The Price Strategy Pays for Ambition
Strategy’s current holdings amount to 713,502 BTC, acquired at an average price of $76,052. With the spot price of Bitcoin around $67,260, this results in a loss of about $6.5 billion — nearly 12% of the average cost. The company’s stock has fallen approximately 13% in the last day, marking the largest single-day decline in nearly a year. Over the past year, MSTR has lost 66% of its value, and since its all-time high shortly after the US elections in November 2024, it has dropped nearly 80%.
Despite such a significant decline in the price, retail investors continue to show interest in Strategy’s shares, supporting their trading at a premium to the net asset value (NAV) on the balance sheet. This metric, known as mNAV, exceeds one and is approximately 1.09.
Why Michael Saylor Might Continue Expansion Strategy
The key to understanding this phenomenon lies in Saylor and his team’s unique position. Despite the losses, the ability to issue new common shares to acquire additional Bitcoin remains highly attractive. Maintaining a premium in the mNAV ratio means that each new share issuance won’t be dilutive for current shareholders — on the contrary, it could serve as a tool to accelerate Bitcoin accumulation at prices above the cost basis.
This allows Saylor to pursue his long-term vision without putting significant pressure on the ownership structure of existing investors. The company is preparing to announce its Q4 results, and the market is closely watching how the CEO will comment on current market fluctuations.

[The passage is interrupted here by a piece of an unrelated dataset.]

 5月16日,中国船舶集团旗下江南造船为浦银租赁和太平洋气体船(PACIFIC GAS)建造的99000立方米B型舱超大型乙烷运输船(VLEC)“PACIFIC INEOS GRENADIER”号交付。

Alternative Capital Instruments and Their Impact
In addition to common shares, Strategy employs innovative financial instruments. STRC is a perpetual preferred capital instrument, positioned as a high-yield money market product, trading around $95, below its $100 par value. If this instrument doesn’t return to par by the end of the month, a dividend rate increase of 25 basis points to 11.5% is expected.
A similar situation is observed with a competitor — Strive (ASST) has offered its own perpetual preferred capital SATA, trading at $86 and likely to require dividend increases as well. Strive’s common shares fell about 11% today to $0.52 per share.

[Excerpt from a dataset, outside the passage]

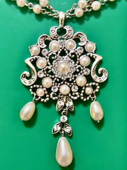Vintage Costume Jewelry Pearl & Rhinestone Pendant Necklace $12Saratoga Springs, NY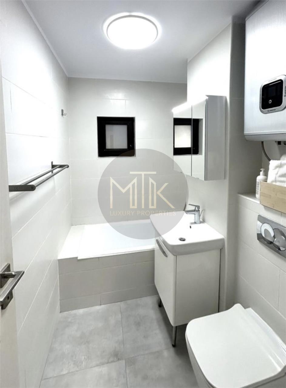 Bai: 2 bai complet refacute (una cu cada, una cu dus), ambele dotate cu boilere electrice Ariston de ultima generatie pentru independenta totala fata de reteaua publica de apa calda.

The Market Boils: New Models and Regional Growth
Alongside Strategy’s activities, new trends are developing in the crypto ecosystem. The Pudgy Penguins project is applying an innovative “Negative CAC” model, challenging the traditional $31.7 billion licensed toy industry by turning physical goods into tools for profitable user acquisition.
In Latin American markets, cryptocurrency transaction volumes grew 60% to $730 billion in 2025. Brazil and Argentina lead this growth, with Brazil dominating overall volume, and Argentina showing accelerated adoption thanks to cross-border payments. Stablecoins play a fundamental role, providing practical applications—from sending money abroad to bypass traditional banking networks.
Michael Saylor’s Strategy story demonstrates how an ambitious long-term plan can remain attractive to the market even amid significant paper losses. The question is whether this model can continue to work once the market fully revalues the company’s underlying asset value.